Let $K$ be a connected compact connected Lie group and let $G$ be the complexification of $K$. Then $G/K$ is an affine space. For any finitely presented $\Gamma$, $\mathrm{Hom}(\Gamma, K)\subset \mathrm{Hom}(\Gamma,G)$ and less obviously we have an inclusion of character varieties: $$\mathfrak{X}_{\Gamma}(K):=\mathrm{Hom}(\Gamma,K)/K\hookrightarrow \mathfrak{X}_{\Gamma}(G):=\mathrm{Hom}(\Gamma,G)/\!\!/G.$$

The polar decomposition writes $G=K\times \mathfrak{p}$ as a space (not a group). We therefore have a projection map: $G\to K$. This induces a projection mapping $\mathrm{Hom}(F_r,G)\to \mathrm{Hom}(F_r,K)$ for a rank $r$ free group $F_r$. The polar decomposition is $K$-equivariant, and thus this projection mapping descends to a mapping $\mathrm{Hom}(F_r,G)/K\to \mathrm{Hom}(F_r,K)/K$ and thus by inclusion (and restriction) to a projection $\mathrm{Hom}(\Gamma,G)/K\to \mathrm{Hom}(\Gamma,K)/K$ for any surjection $F_r\to \Gamma$.

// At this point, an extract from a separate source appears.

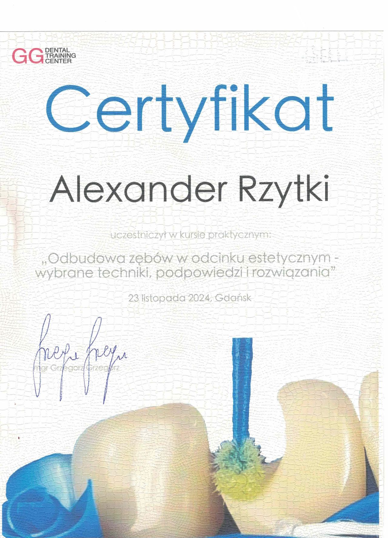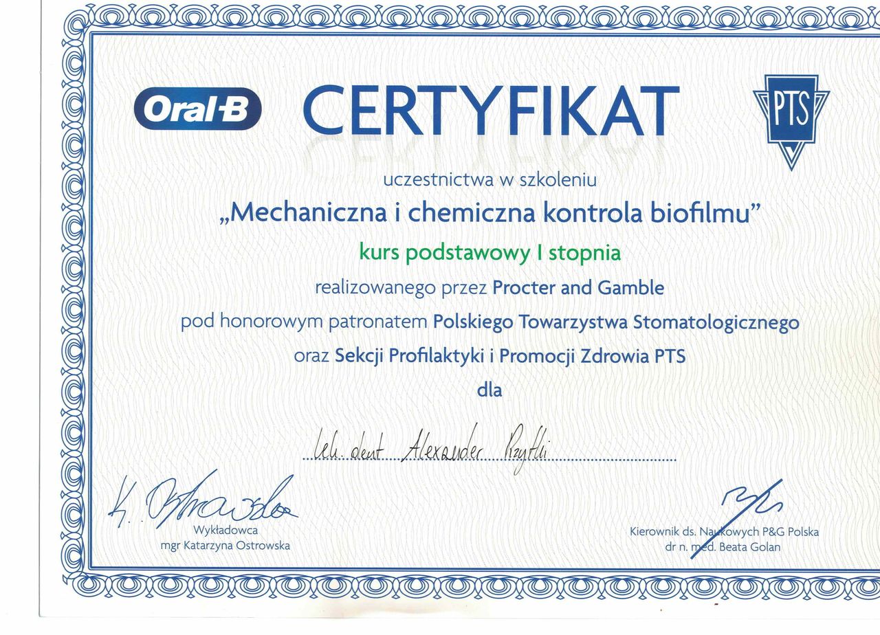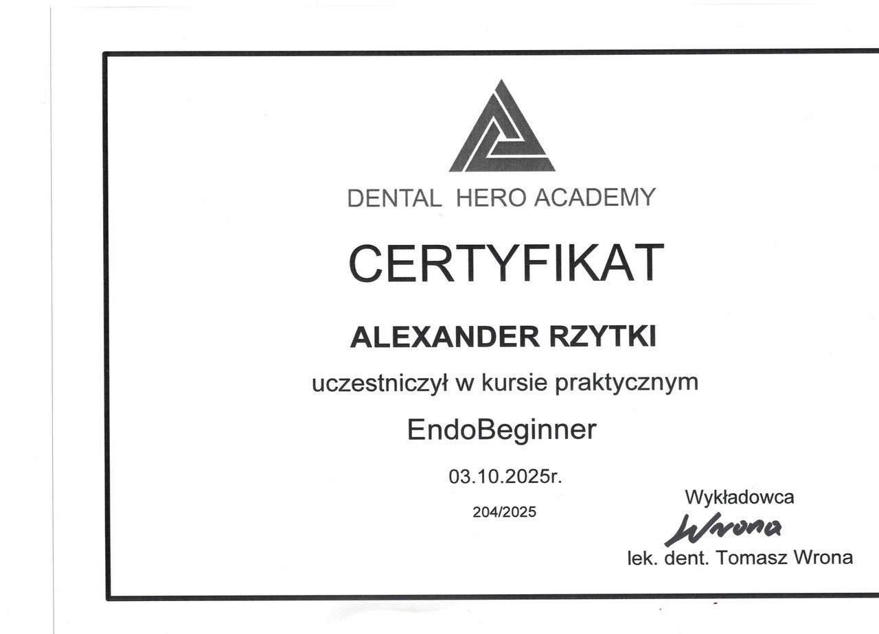 Nazywam się Alexander Rzytki i jestem lekarzem dentystą. Ukończyłem Gdański Uniwersytet Medyczny – jedną z czołowych uczelni medycznych w Polsce. Od początku swojej pracy przyświeca mi jedna myśl: pacjent w gabinecie powinien czuć się bezpiecznie, spokojnie i mieć pewność, że jest w dobrych rękach.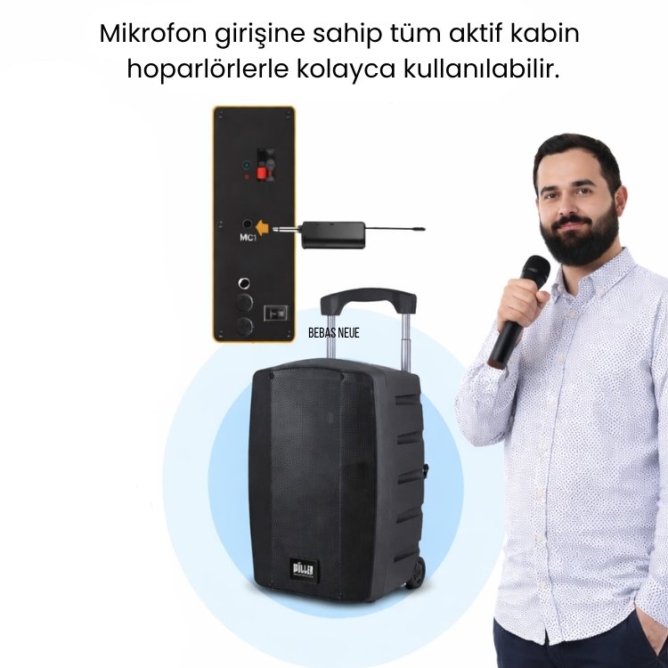 UHF frekansıyla çalışan, kablosuz UHF mikrofonlar kategorisinde yer alan bu mikrofon; 32 frekans değiştirme özelliği, şarjlı ve taşınabilir tasarımıyla öne çıkar ve portatif amfili hoparlörler, mikserler ile ses sistemleriyle uyumlu çalışır.

Since $\mathrm{Hom}(\Gamma,G)/K$ projects to $\mathfrak{X}_{\Gamma}(G)$, we have a commutative diagram:

$$\begin{array}{ccc} \mathrm{Hom}(\Gamma,G)/K&\twoheadrightarrow& \mathfrak{X}_{\Gamma}(K)\\ \downarrow& &\downarrow\\ \mathfrak{X}_{\Gamma}(G)& =&\mathfrak{X}_{\Gamma}(G) \end{array} $$

Perhaps analyzing the fibers of the top and left surjections, and how they relate in $\mathrm{Hom}(\Gamma,G)/K$ would be helpful?